Thoughts on Stories with No Protagonists

MakBow

Well-known member
Joined
Aug 31, 2025
Messages
349
Points
63
I have read/watched a few stories like Juni Taisen (No, not Jujutsu Kaisen) zodiac war, and it made me wonder to have no protagonist and instead of multiple sides in the story. I think it's really interesting to try and pursue. I tried it once, but the transitions were kinda a$$ with only changing when a different character on a different side was nearby.

What about you?

What do you think of no protagonists, only main characters & antagonists(+ villains)?
 

MFontana

Well-known member
Joined
Oct 24, 2025
Messages
482
Points
93
I have read/watched a few stories like Juni Taisen (No, not Jujutsu Kaisen) zodiac war, and it made me wonder to have no protagonist and instead of multiple sides in the story. I think it's really interesting to try and pursue.

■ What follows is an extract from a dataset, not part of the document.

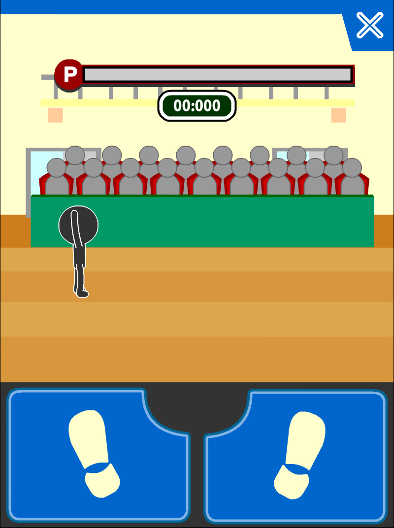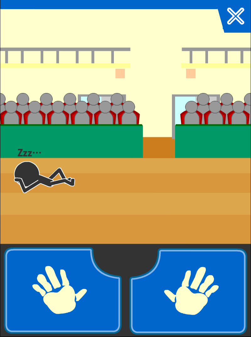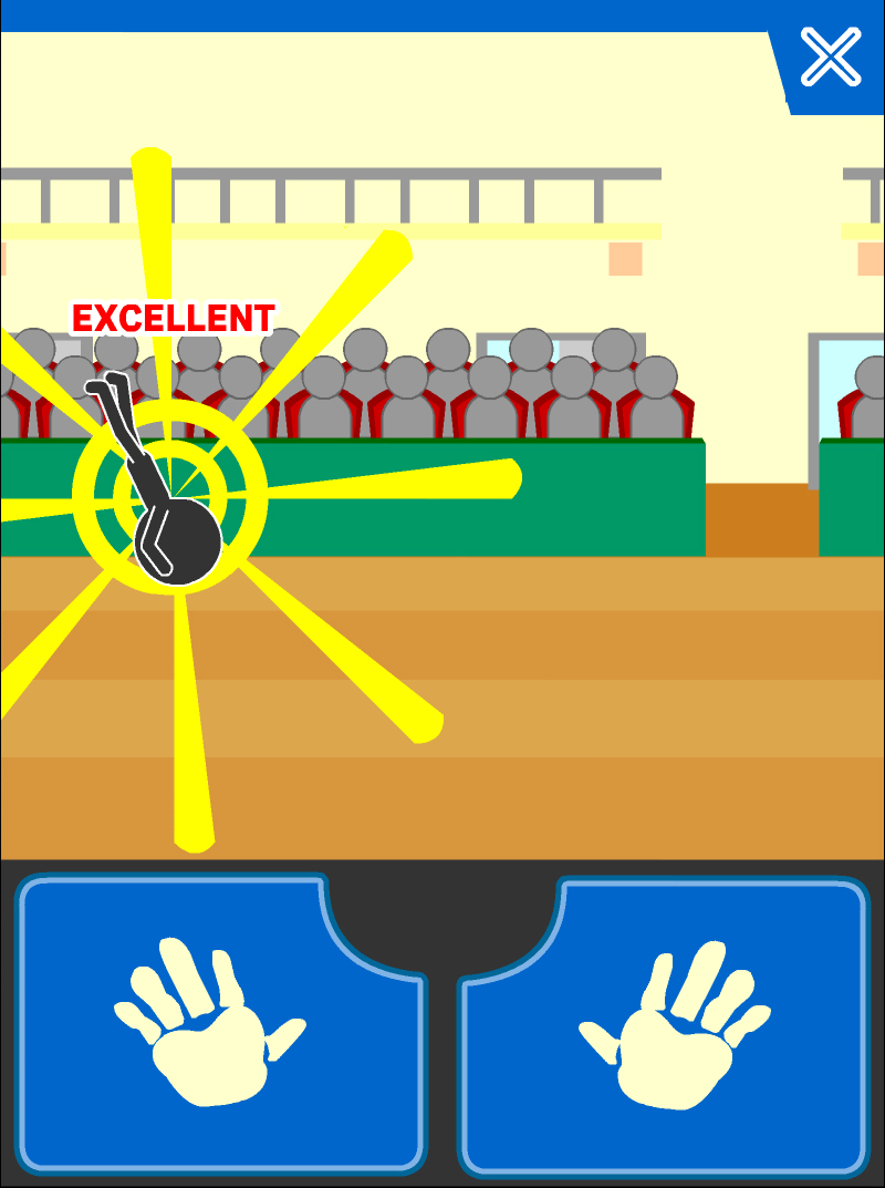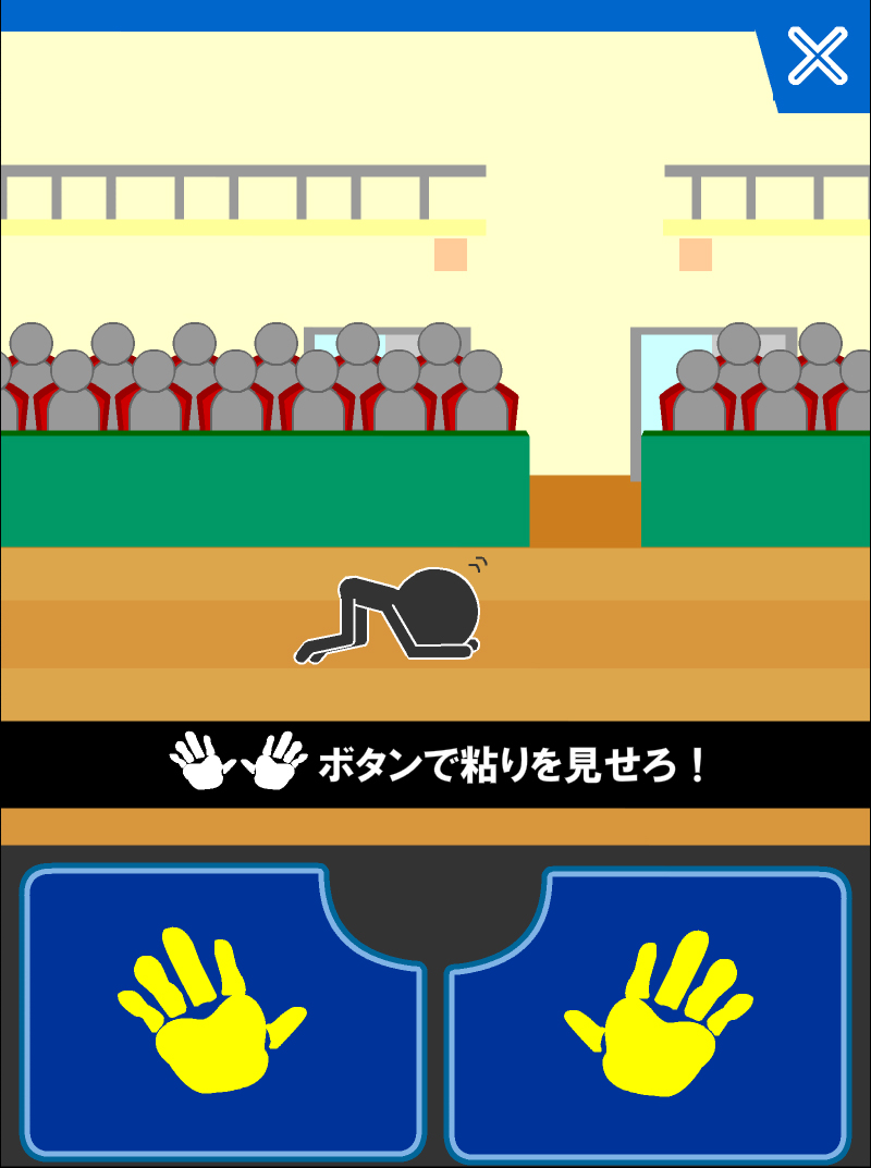 輸入完著地技之後,主角終於掉下來了。快接近地面的時候按下畫面下方的手型按鈕來著地吧。按下這顆按鈕的時機只要越接近地面就越高分,不過太慢按的話就會插在地上而結束遊戲。

I tried it once, but the transitions were kinda a$$ with only changing when a different character on a different side was nearby.

What about you?

What do you think of no protagonists, only main characters & antagonists(+ villains)?
From a narrative sense, the Protagonist and Antagonist are two sides of the same coin, and both are fundamentally necessary to narrative storytelling, because it is through them that you, the author, are able to convey a narrative's conflict.
You can't actually have one, without the other, and they are a fundamental aspect of narrative storytelling.
The protagonist, is simply a primary character that undergoes a growth arc over the course of the narrative, while being the character followed by the narrative.
Now, if you mean "heroes" and "villains" instead, you can certainly write stories without any heroes or villains. The characters within the narrative may exist on different sides of a conflict (hence protagonist and antagonist) but are under no obligations to be heroic or villainous.
The protagonist is generally the perspective character the narrative (and reader) follow. They don't actually have to be heroic though. They can be anything you, the author, want them to be, while the antagonist is simply any character who opposes the protagonist.

So, let's say you have a narrative, and you are presenting it from the perspective of one character per chapter.
The perspective character is the protagonist of that chapter or segment. The characters who are opposed to them, are the antagonists of that chapter or segment.
But later, you switch to tell a later segment through one of the prior segment's antagonists. That character is now the protagonist of the new section, undergoing whatever story arc you have planned for them, while the characters who are opposing them (including your former protagonist) are now antagonists.

Hope this helps.
 

CountVanBadger

Inventor of the you-know-what
Joined
Nov 5, 2025
Messages
506
Points
93
A book without a protagonist would have to be written like a history textbook, just giving a completely disconnected summary of everything that happens from a "bird's eye" view, you could say. The minute you start telling the story from one character's POV, they automatically become the protagonist.

Even then, no single character would be allowed to have any significant amount of attention put on them, because then they would become the protagonist even if the story isn't following them, specifically.